Но есть еще столько других вещей, чье присутствие недопустимо! Все, что появилось здесь менее года назад,
должно исчезнуть: серый костюм, пляжное платье, привезенное из Бернери, нейлоновые комбинации, вдруг
сменившие бумазею, корсет, лодочки, в которых мама любила вертеться на каблуках, и эти флакончики, тюбики,
баночки, грим, бывшие так же бессильны сохранить ее красоту, как аптекарские склянки — спасти ее жизнь.
Старый халат я оставлю, но не новый. Всеми этими шелковыми чулками, купленными неизвестно когда, лучше
пожертвовать. Поразмыслив, я решаю не сохранять и старых платков, которыми при случае пользовался Морис.
Непреложное правило: то, что напоминает о мадам Мелизе, — не памятка о маме. Мы больше не соперницы,
мы покинули одного мужчину, он не может прекратить существовать для одной, не прекратив существовать для
другой. Мне — мне — не оставили ни письма, ни брошки, ни какой ни на есть безделушки, и нищая, словно
монахиня, которая к тому же потеряла бы веру, я не смогу жить среди предметов чужого культа.
На незабудковом покрывале, о котором Нат всегда говорила: “Это покрывало для кокотки”, — выросла
уже целая куча. Прежде чем вернуть на место белое фамильное покрывало, из которого я в детстве так часто
выдергивала бахрому, подбросим туда еще тряпки и побрякушки, подозрительные безделушки, записные
книжки, чье изучение было бы небезопасным, и, по той же причине, любой клочок бумаги, если на нем хоть
что-то написано. Теперь завяжем четыре конца в тюк. Комната многого лишилась, но так даже лучше: она снова
стала такой, как после смерти бабушки, когда мама поселилась здесь, уступив серую комнату Натали, до тех пор
помещавшейся с нами. На очищенных полках и в ящиках остались только их старые хозяева из толстого льна
Мадьо: шершавые простыни с подрубленной кромкой (пересчитаем: двадцать две и три тонких), полотенца,
устоявшие перед ржавыми пятнами от проволоки (сорок три вместо сорока восьми: остальные, наверное, в
стирке), салфетки с красной нитью (семь, то же примечание), салфетки с синей нитью (тридцать девять) и
наволочки, скатерти, рушники — в большинстве своем разрозненные и в довольно плохом состоянии. Эти
богатства имеют право оставаться в Залуке, так же как и те, кто ими удовольствуется.

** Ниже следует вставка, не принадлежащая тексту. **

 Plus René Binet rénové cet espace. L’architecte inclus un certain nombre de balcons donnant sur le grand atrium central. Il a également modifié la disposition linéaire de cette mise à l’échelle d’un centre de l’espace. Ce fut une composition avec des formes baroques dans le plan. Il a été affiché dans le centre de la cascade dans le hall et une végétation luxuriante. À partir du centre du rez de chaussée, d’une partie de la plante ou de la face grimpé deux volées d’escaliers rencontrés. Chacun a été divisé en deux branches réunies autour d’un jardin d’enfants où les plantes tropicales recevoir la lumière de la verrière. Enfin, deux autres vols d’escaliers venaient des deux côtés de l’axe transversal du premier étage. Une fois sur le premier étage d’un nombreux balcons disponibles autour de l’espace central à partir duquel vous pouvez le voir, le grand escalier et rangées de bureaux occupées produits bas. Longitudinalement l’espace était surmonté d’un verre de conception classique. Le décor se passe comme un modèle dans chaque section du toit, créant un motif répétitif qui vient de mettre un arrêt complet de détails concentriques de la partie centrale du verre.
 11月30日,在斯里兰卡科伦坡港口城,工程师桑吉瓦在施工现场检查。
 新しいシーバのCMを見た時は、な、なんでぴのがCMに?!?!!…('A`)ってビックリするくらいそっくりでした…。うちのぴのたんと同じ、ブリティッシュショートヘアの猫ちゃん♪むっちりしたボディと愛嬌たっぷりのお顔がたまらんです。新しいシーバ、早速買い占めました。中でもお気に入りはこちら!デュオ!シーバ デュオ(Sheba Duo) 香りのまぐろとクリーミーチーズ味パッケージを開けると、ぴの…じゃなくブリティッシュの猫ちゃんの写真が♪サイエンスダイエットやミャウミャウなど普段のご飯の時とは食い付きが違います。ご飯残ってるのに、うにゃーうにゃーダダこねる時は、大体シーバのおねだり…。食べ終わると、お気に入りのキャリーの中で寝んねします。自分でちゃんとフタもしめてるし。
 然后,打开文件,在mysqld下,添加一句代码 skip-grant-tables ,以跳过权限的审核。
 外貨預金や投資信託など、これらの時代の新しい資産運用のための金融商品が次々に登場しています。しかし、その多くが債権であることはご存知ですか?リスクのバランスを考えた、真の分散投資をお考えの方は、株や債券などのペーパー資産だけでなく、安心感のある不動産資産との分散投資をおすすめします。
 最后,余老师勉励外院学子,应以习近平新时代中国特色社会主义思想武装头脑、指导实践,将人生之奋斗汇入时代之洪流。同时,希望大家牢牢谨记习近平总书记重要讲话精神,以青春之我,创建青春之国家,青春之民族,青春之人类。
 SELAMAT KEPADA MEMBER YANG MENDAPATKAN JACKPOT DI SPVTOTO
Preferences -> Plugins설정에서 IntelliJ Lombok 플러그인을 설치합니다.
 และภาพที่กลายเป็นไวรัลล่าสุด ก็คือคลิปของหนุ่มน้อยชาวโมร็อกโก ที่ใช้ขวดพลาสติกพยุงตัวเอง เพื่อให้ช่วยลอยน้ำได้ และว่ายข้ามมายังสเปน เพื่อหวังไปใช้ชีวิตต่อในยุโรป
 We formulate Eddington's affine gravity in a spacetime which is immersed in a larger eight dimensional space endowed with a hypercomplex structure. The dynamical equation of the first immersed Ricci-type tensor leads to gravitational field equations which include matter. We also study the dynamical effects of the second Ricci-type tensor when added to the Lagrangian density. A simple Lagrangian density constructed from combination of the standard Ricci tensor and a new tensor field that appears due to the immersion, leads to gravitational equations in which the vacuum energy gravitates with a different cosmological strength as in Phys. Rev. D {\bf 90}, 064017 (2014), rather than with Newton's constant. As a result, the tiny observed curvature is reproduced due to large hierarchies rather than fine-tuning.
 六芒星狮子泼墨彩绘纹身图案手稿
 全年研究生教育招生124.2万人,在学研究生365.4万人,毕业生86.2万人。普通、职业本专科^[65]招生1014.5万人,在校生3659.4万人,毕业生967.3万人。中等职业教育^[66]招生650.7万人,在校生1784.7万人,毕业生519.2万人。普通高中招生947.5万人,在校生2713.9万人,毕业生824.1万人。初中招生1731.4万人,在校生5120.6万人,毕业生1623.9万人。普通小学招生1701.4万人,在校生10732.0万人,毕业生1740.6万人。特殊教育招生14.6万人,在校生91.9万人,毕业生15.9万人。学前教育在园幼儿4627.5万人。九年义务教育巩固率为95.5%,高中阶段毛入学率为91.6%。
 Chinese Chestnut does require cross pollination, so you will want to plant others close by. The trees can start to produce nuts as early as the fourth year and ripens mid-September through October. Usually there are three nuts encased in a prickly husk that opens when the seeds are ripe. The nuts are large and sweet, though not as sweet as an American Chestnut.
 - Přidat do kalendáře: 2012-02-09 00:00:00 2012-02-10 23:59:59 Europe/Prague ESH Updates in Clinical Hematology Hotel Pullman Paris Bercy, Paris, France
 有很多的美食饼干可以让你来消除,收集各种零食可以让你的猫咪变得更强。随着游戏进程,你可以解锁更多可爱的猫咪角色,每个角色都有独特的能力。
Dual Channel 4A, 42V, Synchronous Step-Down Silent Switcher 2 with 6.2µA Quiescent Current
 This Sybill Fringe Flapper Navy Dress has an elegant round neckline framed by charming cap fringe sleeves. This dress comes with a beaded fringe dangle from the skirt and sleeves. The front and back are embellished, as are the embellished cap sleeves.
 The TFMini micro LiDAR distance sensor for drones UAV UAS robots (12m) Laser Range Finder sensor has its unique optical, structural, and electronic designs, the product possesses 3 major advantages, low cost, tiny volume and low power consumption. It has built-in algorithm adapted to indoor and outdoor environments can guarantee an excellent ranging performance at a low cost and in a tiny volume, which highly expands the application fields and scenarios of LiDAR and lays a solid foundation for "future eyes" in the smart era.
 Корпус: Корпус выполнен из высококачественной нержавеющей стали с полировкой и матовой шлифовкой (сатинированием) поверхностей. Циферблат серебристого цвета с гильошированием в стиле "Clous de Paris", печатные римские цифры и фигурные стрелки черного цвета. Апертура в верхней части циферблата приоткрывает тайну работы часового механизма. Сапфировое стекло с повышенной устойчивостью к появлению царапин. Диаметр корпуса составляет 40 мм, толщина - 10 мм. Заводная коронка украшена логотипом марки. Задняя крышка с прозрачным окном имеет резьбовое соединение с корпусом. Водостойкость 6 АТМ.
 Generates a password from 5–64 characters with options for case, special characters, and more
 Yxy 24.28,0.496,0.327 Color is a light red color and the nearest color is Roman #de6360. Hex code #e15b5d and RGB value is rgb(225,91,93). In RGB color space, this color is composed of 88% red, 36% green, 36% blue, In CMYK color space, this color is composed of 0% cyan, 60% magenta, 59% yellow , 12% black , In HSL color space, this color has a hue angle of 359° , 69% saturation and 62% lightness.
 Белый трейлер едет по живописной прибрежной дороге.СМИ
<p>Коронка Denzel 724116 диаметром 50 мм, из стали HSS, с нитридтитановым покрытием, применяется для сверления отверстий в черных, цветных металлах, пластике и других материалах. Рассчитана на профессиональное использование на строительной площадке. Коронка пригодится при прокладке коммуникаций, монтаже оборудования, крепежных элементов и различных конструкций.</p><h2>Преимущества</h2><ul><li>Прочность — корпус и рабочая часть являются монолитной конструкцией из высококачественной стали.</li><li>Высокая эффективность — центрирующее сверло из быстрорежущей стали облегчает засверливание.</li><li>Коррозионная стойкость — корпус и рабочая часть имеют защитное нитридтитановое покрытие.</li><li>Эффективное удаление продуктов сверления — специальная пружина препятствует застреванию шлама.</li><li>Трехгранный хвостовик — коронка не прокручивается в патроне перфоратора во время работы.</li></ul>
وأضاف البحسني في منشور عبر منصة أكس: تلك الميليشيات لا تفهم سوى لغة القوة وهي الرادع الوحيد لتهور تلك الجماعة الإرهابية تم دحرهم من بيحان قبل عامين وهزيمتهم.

Остальные, в тюке из голубого атласа, заброшенном мне на плечо, уже спускаются по лестнице. Натали с
каменным лицом, — но из податливого камня — смотрит, как я уношу этот хлам. Угрюмо, но не без задней
мысли, она говорит:
— Пойду натру пол в твоей комнате.
Берта тоже скатывается по лестнице, идет за мной следом. Небо — цвета покрывала; такова же Эрдра, к
которой я молча направляюсь и куда летит моя ноша, быстро подхваченная течением и утянутая на дно. И если
в этот момент силы меня покидают, если мой поступок вдруг кажется мне ребяческим, моя справедливость —
неправедной, а изгороди изнуряющими — это уже не важно. Я знаю, моя жертва похожа на все прочие: это кара,
за которой я укрываюсь, давая успокоение душе. Ну же, всего иметь невозможно! Когда искупишь свое счастье
стыдом, гордости без горя не воротишь. Как скажет Нат, та жертва ценная, которую приносишь долго. Но
наша жертва — наша награда, Изабель! Берта, с круглым, как фаянсовая тарелка, лицом, мудрее меня, она
шепчет:
— Ты видела елочки, Иза? Видела?
Она говорит все еще печальным голосом. Эти елочки мама, — которой на них было плевать, — уже не
увидит: не увидит, как они вытягивают свои верхушки и, выбрасывая лапку за лапкой, выдираются из
отпихивающего их ежевичника, осаждая старые стволы, которые я обвожу своим взглядом. Как и вода позади
нас, древесные соки не останавливаются в своем течении, и если любовь отступает — Залука остается.
XXV
Полный траур мне соблюдать не удается: к нему неотступно примешиваются недостойные душевные
муки, к которым вскоре присоединяются еще более зазорные опасения. К тому же у нас полон рот забот: когда
нужда не дремлет, скорбь умолкает.
Сразу же нам пришлось с головой уйти в тяжелые хлопоты: собирать деньги, собирать документы,
хитрить, чтобы вывести из совета нежелательную фигуру, тревожить дальних родственников, которым не
улыбалось трястись в раздолбанном автобусе и тратить время на то, чтобы часами зевать перед мировым судьей,
настолько же равнодушным к нашим делам, как и они сами. Сразу же пришлось обеспечивать наше
существование, для которого было недостаточно ненадежной помощи месье Дюплона, сама ненадежность коей
вызывала некоторые возражения — вероятно, подсказанные из Нанта тем, кого не следовало называть и чья
изворотливая нежность, чтобы не выпустить нас из рук, затягивала нас в судебный водоворот.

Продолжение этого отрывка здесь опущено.